Ce contrat d’engagement devra comporter les engagements d’accompagnement de l’organisme référent, qui se limitent à la désignation d’un référent unique pour le demandeur d’emploi et à un descriptif des prétendues mesures d’accompagnement à mettre en œuvre. Ce contrat devra également comporter les engagements du demandeur d’emploi parmi lesquels sa participation à un plan d’action ainsi que la définition de l’offre raisonnable d’emploi que celui-ci est tenu d’accepter.

Ce plan d’action devra comporter les objectifs d’insertion sociale et professionnelle et le niveau d’intensité de l’accompagnement requis auquel correspond une durée hebdomadaire d’activité du demandeur d’emploi d’au moins quinze heures (article L.5411-6 du Code du travail).

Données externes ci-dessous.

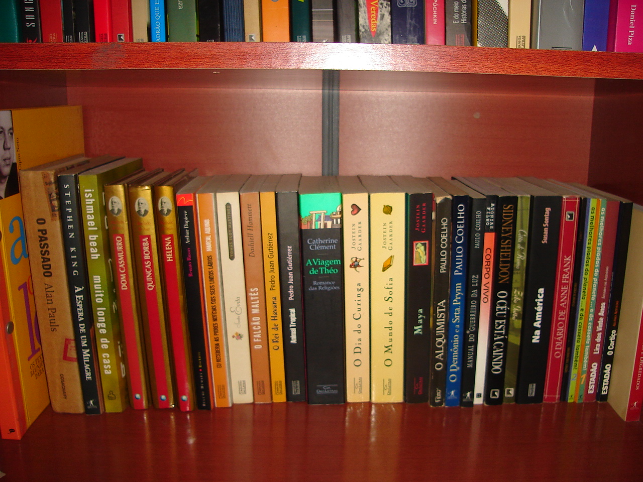 Pra terminar, uma metade mística-filosófica da estante com A Viagem de Theo, vários de Jostein Gaarder, Paulo Coelho (cof cof) e uma não tão simpática coleção do Estadão. Da outra metade, a preciosidade O Rei de Havana, Marçal Aquino, Machado de Assis, Thomas Eloy Martinez (o livro sobre a Evita), Alan Pauls e um almanacão do professor Pasquale porque ninguém nasceu sabendo!

C’est donc un minimum de 15 heures d’activités et non 15 heures d’activités que devront effectuer tous les inscrits sur les listes de France-Travail. Cette mesure s’applique à tous les inscrits sur les listes de France-Travail et non uniquement aux allocataires du RSA contrairement à ce qui est souvent dit ou écrit.

Rien n’est précisé quant à ce qui est entendu par « activité ». Il serait possible qu’il s’agisse de prétendues formations autour du chômeur et de l’emploi ; une véritable manne pour certaines entreprises de formations sans réelle formation pour les chômeurs. De même il pourrait s’agir de stages de découverte/immersion en entreprise à foison au grand profit des entreprises, sans que cela permette de créer des emplois pour les chômeurs et même bien au contraire.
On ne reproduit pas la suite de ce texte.